Repeat the records below exactly as they appear, leaving out any pictures.
[Available data Boundary: Start]
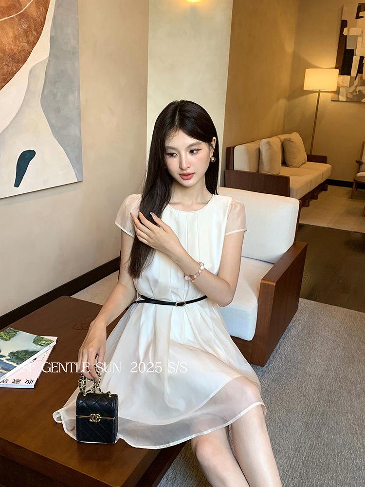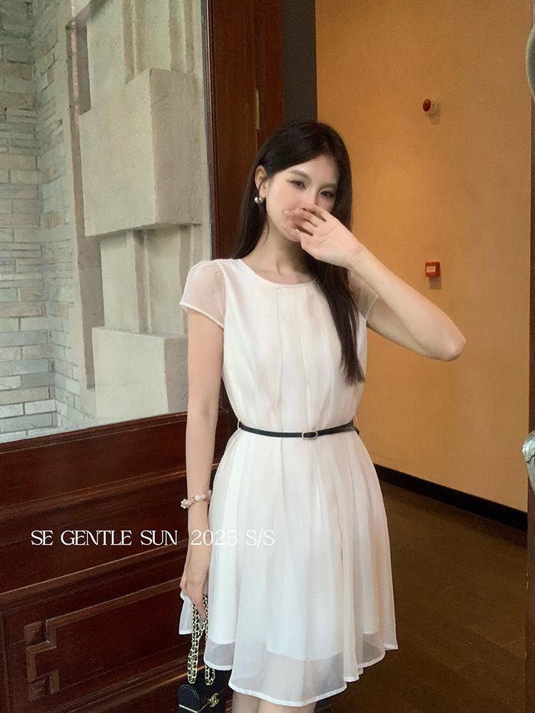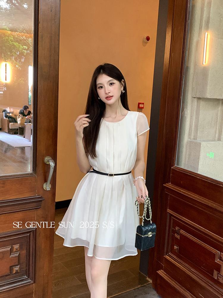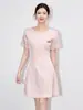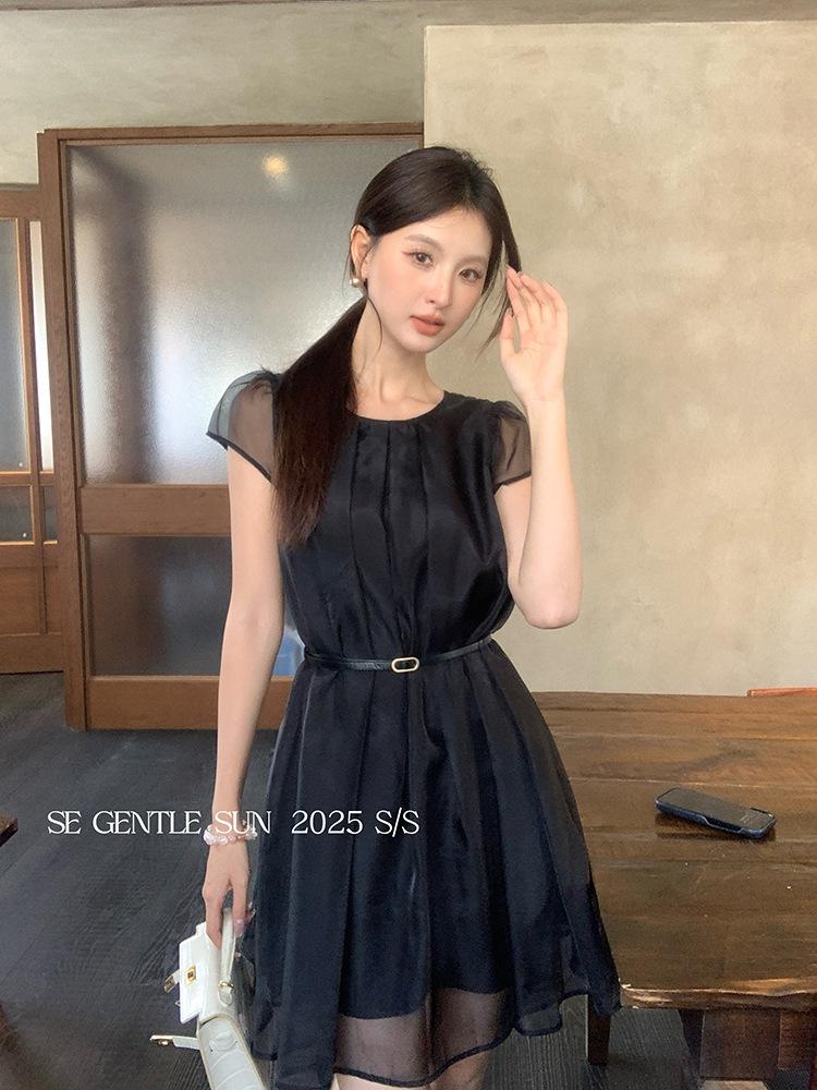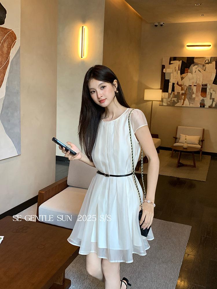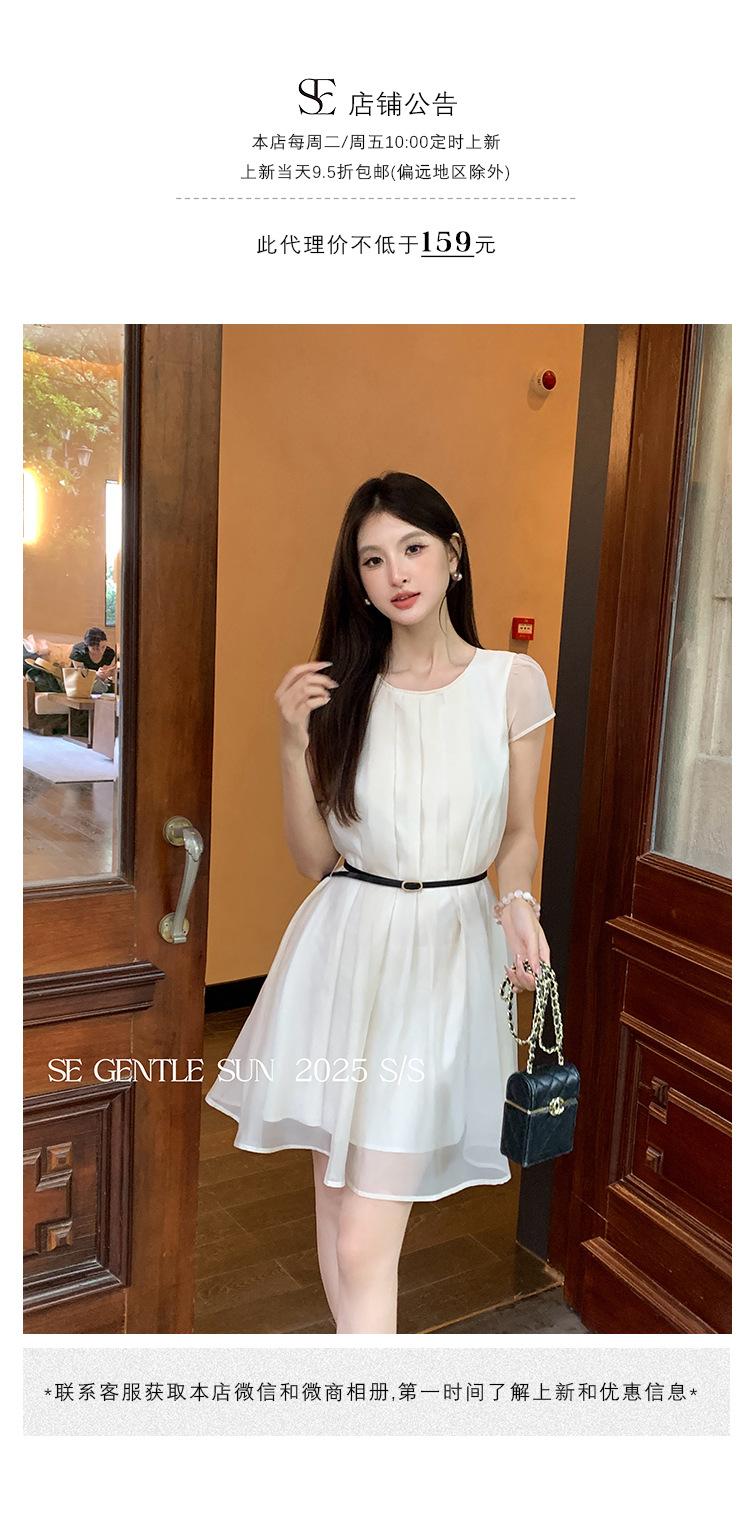 Xiuxixi 2025 Nuevo Estilo de Verano Vestido Elegante de Cuello Redondo y Manga Corta Aspecto Adelgazante Falda Corta de Alta Gama para Mujer 88399
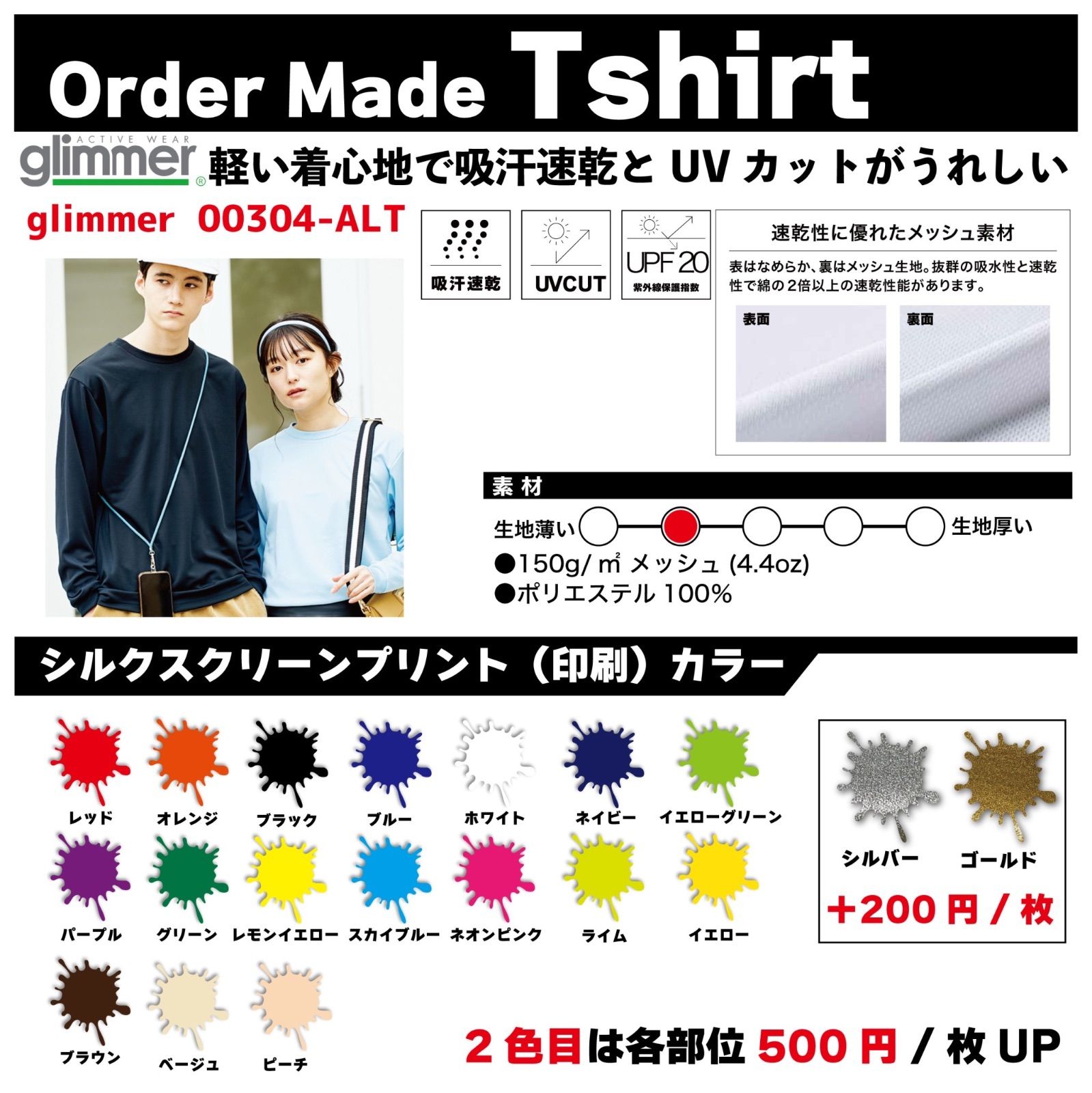 シルクスクリーン印刷、フルカラープリント、ラバー転写プリント、昇華転写プリントよりお客様のご要望に合わせてご提案させていただいております。
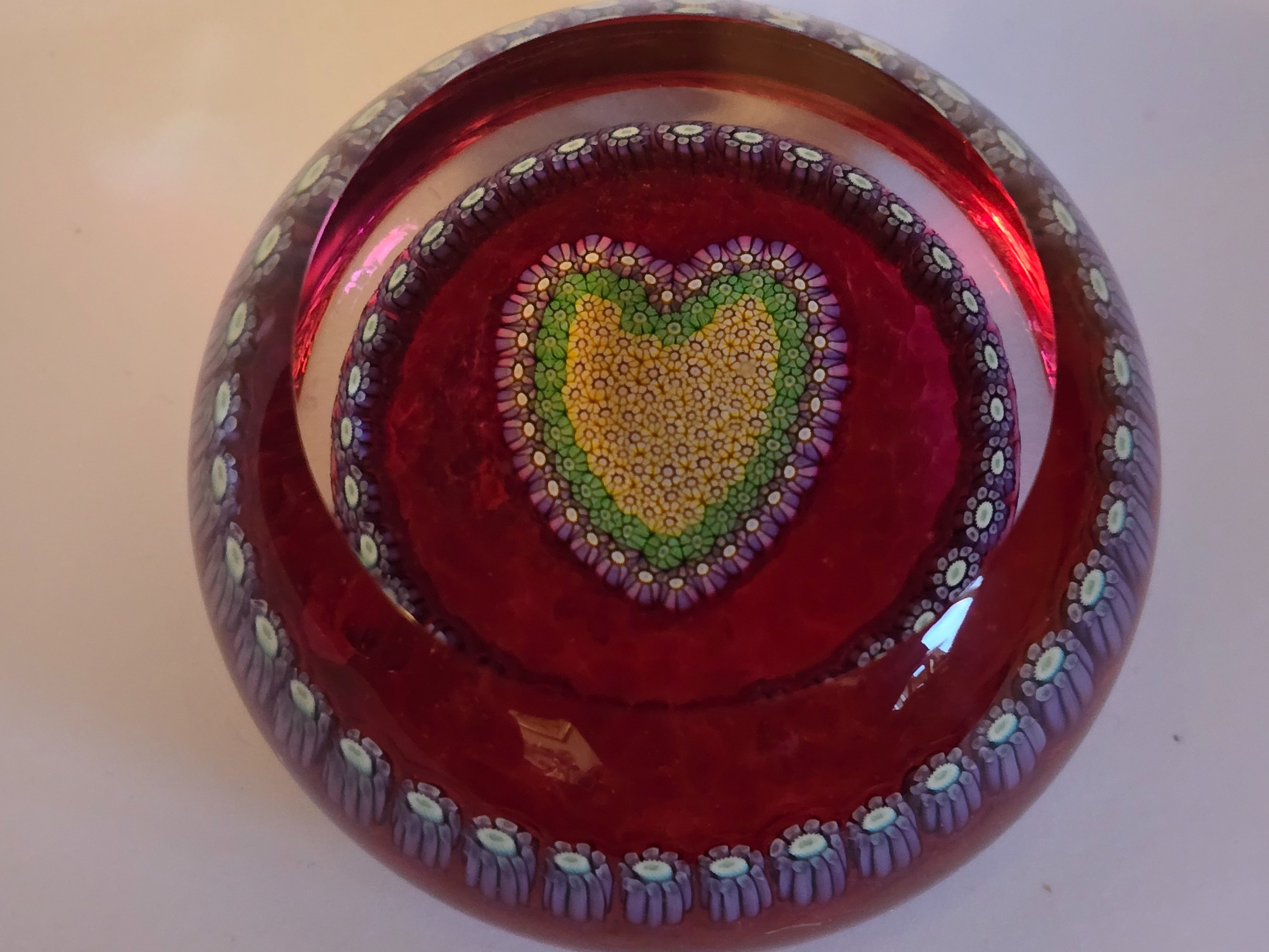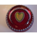 Valentines Gift: Perthshire paperweight - PP46 Initially made as part of a suite of 4 to represent suite of playing cards, the heart was seen as romantic and therefore popular. Lovely workmanship with fine closepack heart,1996 as it is unusual single colour, surrounded by canes, plus a garland on ruby red ground. Top window. Diam: 60.5mm
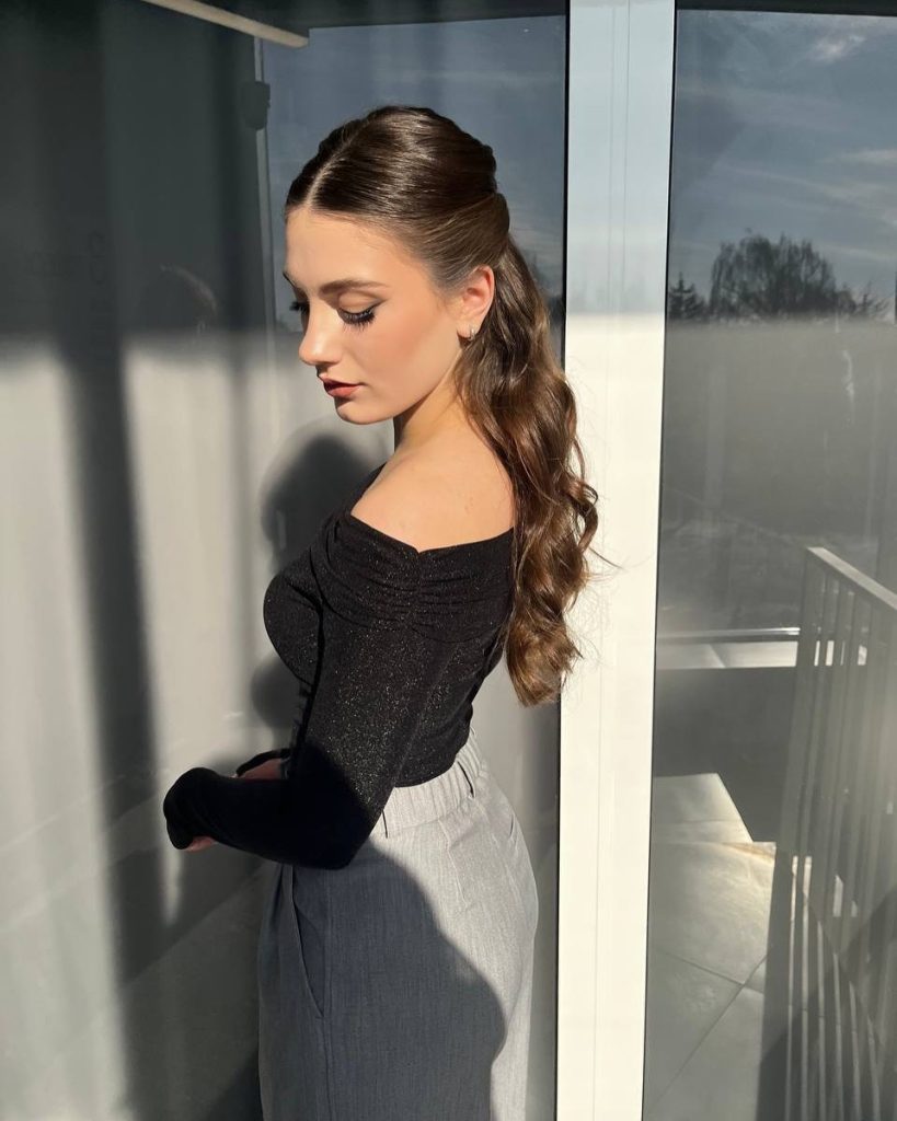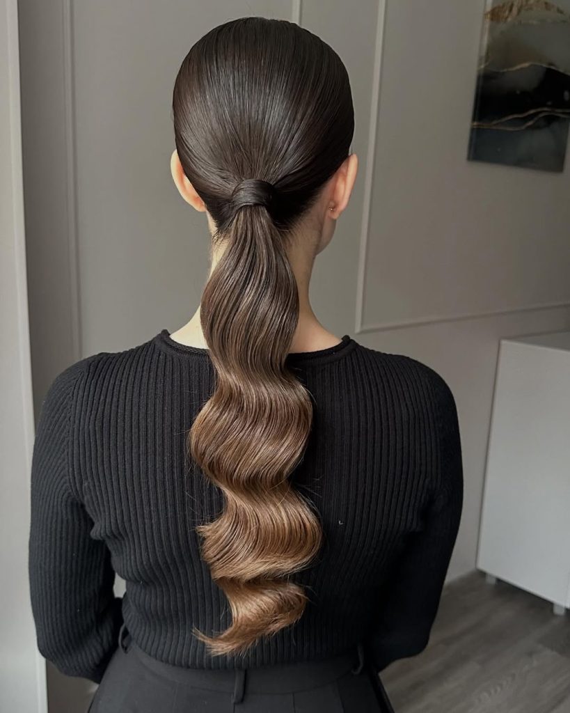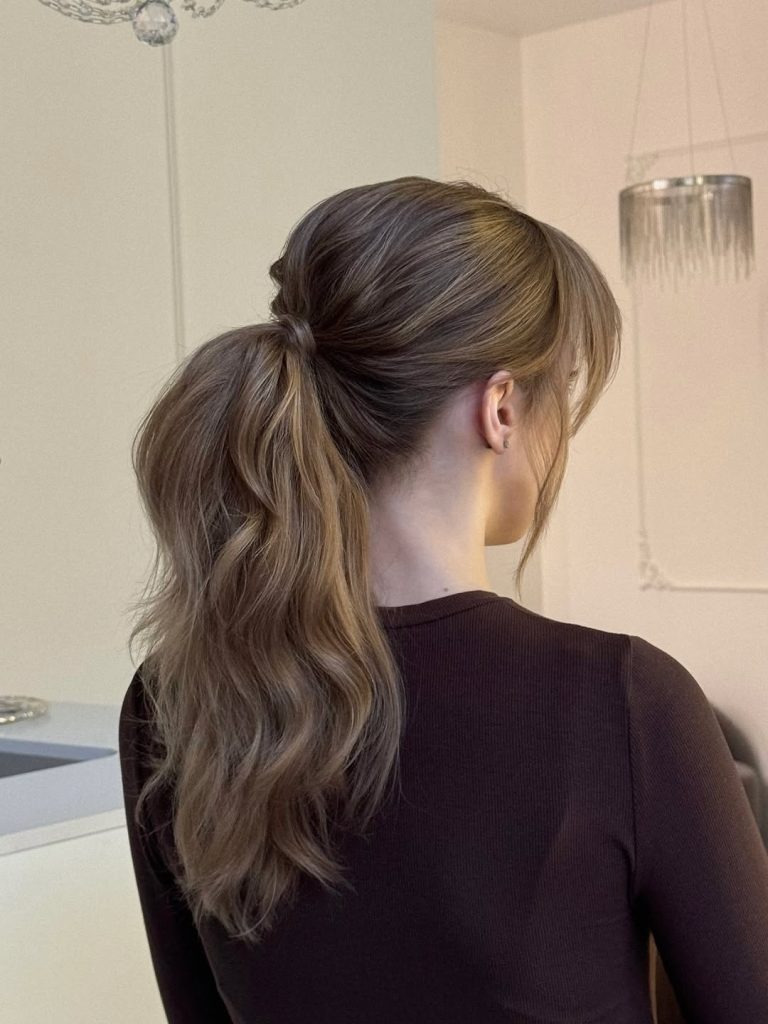 Ideal for women with long or medium hair and layers, this ponytail adds height without looking overly styled. A light tease at the crown and loose waves at the ends create a flattering silhouette. This ponytail is a timeless inspiration for women seeking simple yet elegant ideas that highlight length and shine.
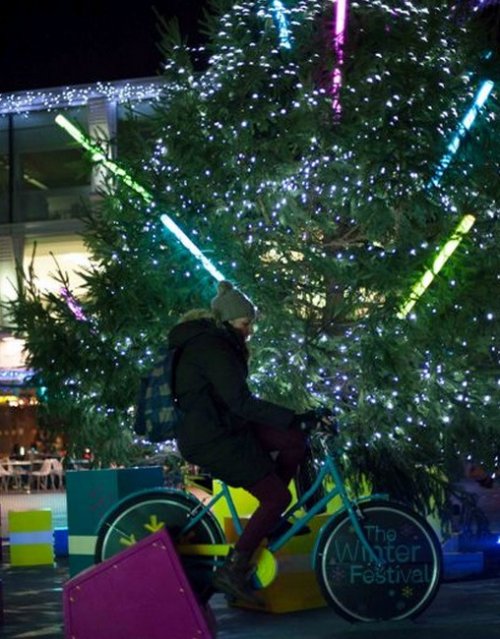 Для начала давайте обозначим самый очевидный способ. В мире существует огромное множество новогодних ёлок, чьи гирлянды подпитываются электроэнергией от педального привода, но эта ёлка расположена в Королевском фестивальном зале (Royal Festival Hall) на Южном Берегу Лондона (London’s South Bank). Покрутить педали для освещения ёлочки может абсолютно каждый, кто захочет. Просто запрыгивайте, начинайте крутить педали и вбирайте в себя праздничное настроение!
[Available data Boundary: End]
§ **Solution to this problem**
 Xiuxixi 2025 Nuevo Estilo de Verano Vestido Elegante de Cuello Redondo y Manga Corta Aspecto Adelgazante Falda Corta de Alta Gama para Mujer 88399
 シルクスクリーン印刷、フルカラープリント、ラバー転写プリント、昇華転写プリントよりお客様のご要望に合わせてご提案させていただいております。
 Valentines Gift: Perthshire paperweight - PP46 Initially made as part of a suite of 4 to represent suite of playing cards, the heart was seen as romantic and therefore popular. Lovely workmanship with fine closepack heart,1996 as it is unusual single colour, surrounded by canes, plus a garland on ruby red ground. Top window. Diam: 60.5mm
 Ideal for women with long or medium hair and layers, this ponytail adds height without looking overly styled. A light tease at the crown and loose waves at the ends create a flattering silhouette. This ponytail is a timeless inspiration for women seeking simple yet elegant ideas that highlight length and shine.
 Для начала давайте обозначим самый очевидный способ. В мире существует огромное множество новогодних ёлок, чьи гирлянды подпитываются электроэнергией от педального привода, но эта ёлка расположена в Королевском фестивальном зале (Royal Festival Hall) на Южном Берегу Лондона (London’s South Bank). Покрутить педали для освещения ёлочки может абсолютно каждый, кто захочет. Просто запрыгивайте, начинайте крутить педали и вбирайте в себя праздничное настроение!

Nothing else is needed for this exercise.